- European cover art
- Developer: Konami
- Publisher: Konami
- Director: Masashi Ugajin
- Producer: Masaki Yoneoka
- Programmers: Takanori Murayama; Masayoshi Sato;
- Artist: Masashi Ugajin
- Composer: Akira Yamaoka
- Platform: PlayStation
- Release: July 9, 1998
- Genre: Fighting
- Modes: Single-player, multiplayer

= Poy Poy 2 =

1998 video game

 is a 1998 fighting game developed and published by Konami for the PlayStation. The game is the sequel to Poy Poy (1997).

== Gameplay ==
The gameplay is the same as in Poy Poy, though it features more powers and moves, as well as different characters and arenas. The characters use gloves, each with unique powers to aid gameplay. There are three game modes:

"PoyPoy Cup" is a single player campaign, where the player chooses a character and progresses through tournament stages, earning gold. They can use their winnings to purchase or upgrade gloves, as well as purchase 'drinks' which give the player a temporary upgrade for an event. Upon completing the championship multiple times, the player is given the opportunity to face the boss characters. Upgrading gloves requires the player to use that glove's particular ability a set number of times. Occasionally a dark figure will appear, offering to sell a special glove to the player.

"Party Play" is used for both Single and Multiplayer, where the up to four players (Using AI players to replace any missing slots) can set up a quick battle on whatever stage they choose.

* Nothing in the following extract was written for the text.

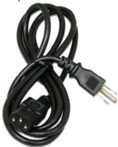
Power Cord (US Version Shown)

"Team Battle" can only be played with one or two players. The player(s) are made into a two-person team (Using a replacement AI character if only one person is playing) and compete with other AI teams to score as many points as possible. They play seven matches, and when they are finished, a cash bonus is added to the "PoyPoy Cup" gold count.

The players are given points for direct hits (1 point each), collecting 'lucky' gold hearts (2 points each), and their finishing position based either on when they died, or their current health. First place gets 12 points, Second place gets 6, Third place gets 4 and Fourth place gets 2.